11 of 11 people found the following review helpful
Cultural history of Anglo Irish relations,
This review is from: Castle Rackrent (Oxford World's Classics) (Paperback)
A social satire on Anglo-Irish relations during early nineteenth century, the asks the qustion 'What is is to be Irish'? A period of great social turmoil between the two countries heightened by the industrial revolution's impression on the working classes in England, the novel sees the author navigating through a difficult minefield writing an Irish catholic narrator for an English market place! The Anglo-Irish Rackrent landlords claim an Irish Catholic heritage, but forfeit that personal history for the ephemeral run of the estate. The disenfranchised tenant farmers are forced to yield their produce to support the Rackrents' absurd behaviours. In the middle of this dynamic stand the novel's two most developed and challenging characters, Sir Condy Rackrent and Jason McQuirk, Thady's son. Raised in identical circumstances, these two leave open to question the ultimate judgment on the future of Ireland; With Condy as a new line of Irish aristocracy or Jason, representing the model for the 'British' assimilated Irishman.

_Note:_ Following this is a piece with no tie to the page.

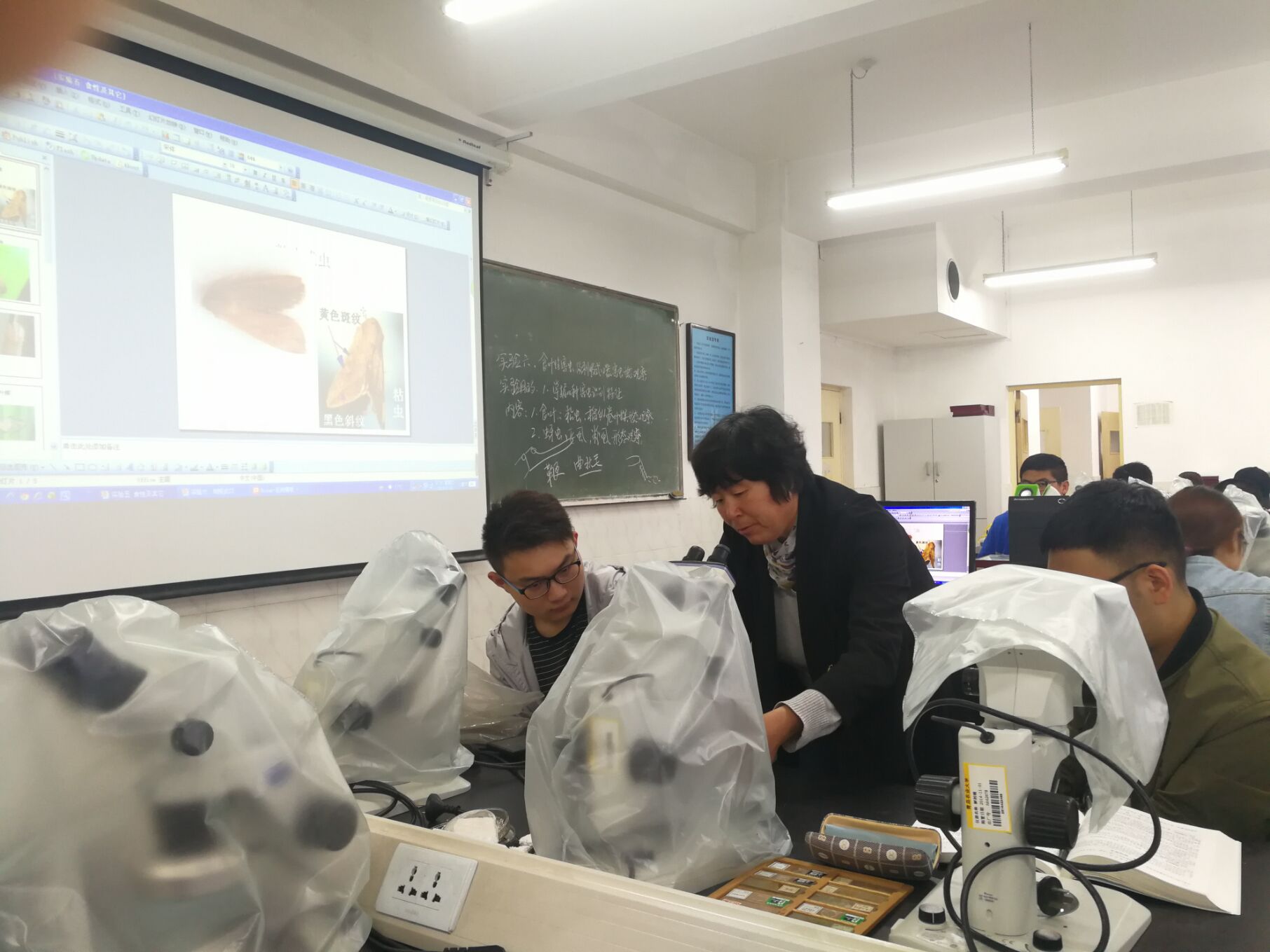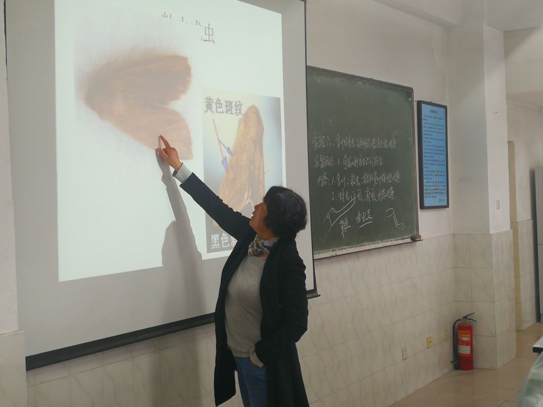 实验课教学检查是本次期中教学教学检查的重点内容之一,5月22日上午,公司领导及部分教师共同走进生物楼实验室B510,听取夏淑春老师主讲的《植物保护学》课程中昆虫刺吸式口器害虫形态特征识别等内容。课堂上夏淑春以PPT和板书结合的形式为同学们讲解刺吸式口器害虫蚜虫等关键识别特征,夏老师授课重点突出,深入浅出,内容熟悉,并能够跟同学进行互动交流。课堂前能够认真备课,协助实验员采集实验标本,并能安排员工分组采集实验材料。

Edgeworth carefully navigates herself around the novel opening the question of Irishness to the English reader without alienating either audience through the use of a glossary and internal footnotes which are devices used to try and neutralize the foreignness and threat of the Irish for Edgeworth's intended English audience, and allow us also an attempt also to understand this position of 'Irishness'.